Bev Lacey

'Shouldn't you be in custody?' judge asks defendant

A WOMAN appearing in a Toowoomba court on bail had a magistrate wondering why she wasn't in custody.

Fraulien Judess Hooper fronted Toowoomba Magistrates Court to plead guilty to possessing three syringe found during a police search of a Boundary St home on October 15 and then failing to attend the police station within seven days to provide her identifying particulars.

Flicking through her criminal history, Magistrate Robbie Davies noted the 48-year-old had been sentenced by the same court on June 12 to nine months in jail with an order that she could apply for release on parole immediately.

Prisoners who are given a parole eligibility date go into custody but can apply for release from that date, however, parole applications typically can take up to three months to process.

"I don't know why you weren't taken into custody seeing as you were given an eligibility date," Mr Davies asked Hooper.
The self-represented Hooper replied: "They put me in the watch house and then released me."
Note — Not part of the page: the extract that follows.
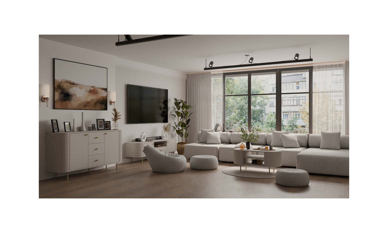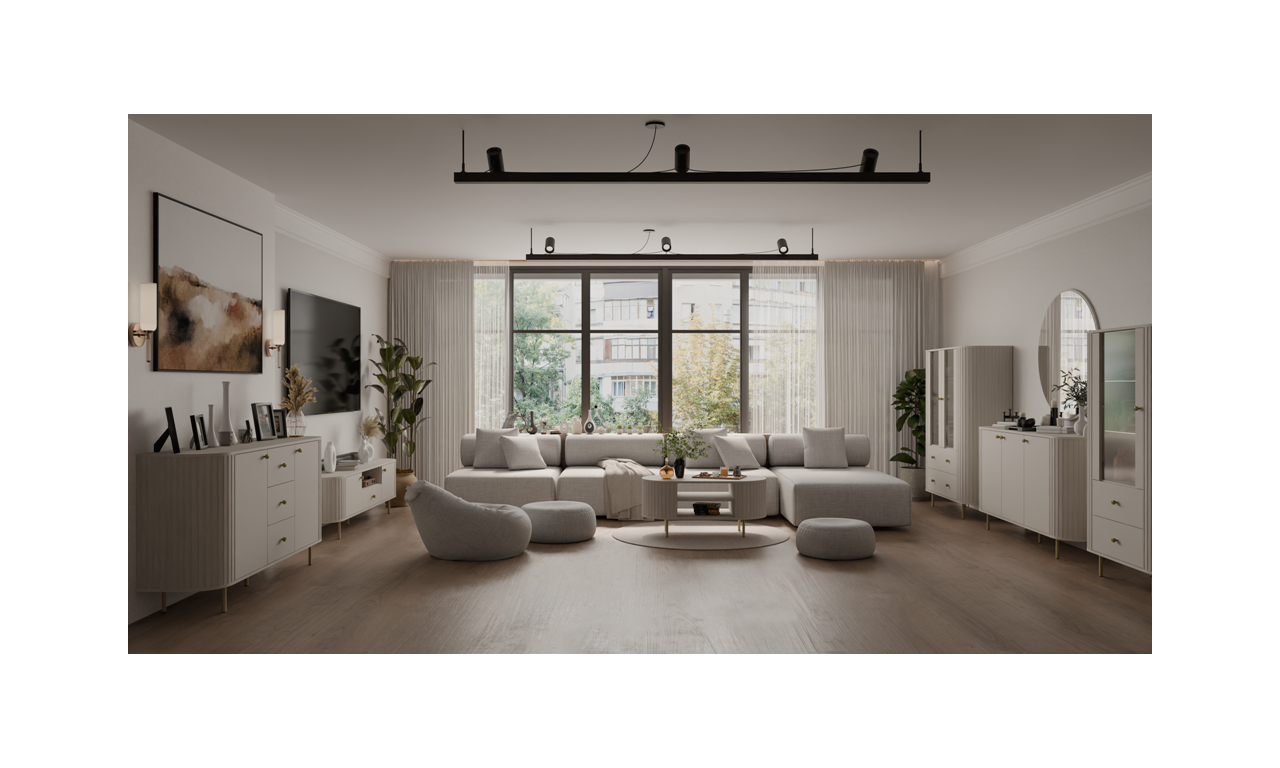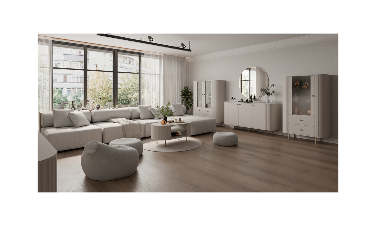 Meble do salonu i sypialni Ovalio w kolorystyce piaskowego beżu.

An officer from the Department of Probation and Parole told the court Hooper had not attended the department to be inducted on the order.

Mr Davies said the fact Hooper was somehow released from the watch house at her last sentence was not an issue for the court and that he would simply sentence her on the two charges before him and fined Hooper $400.

"I suspect Parole will be in touch with you very quickly," Mr Davies told Hooper as she left the court.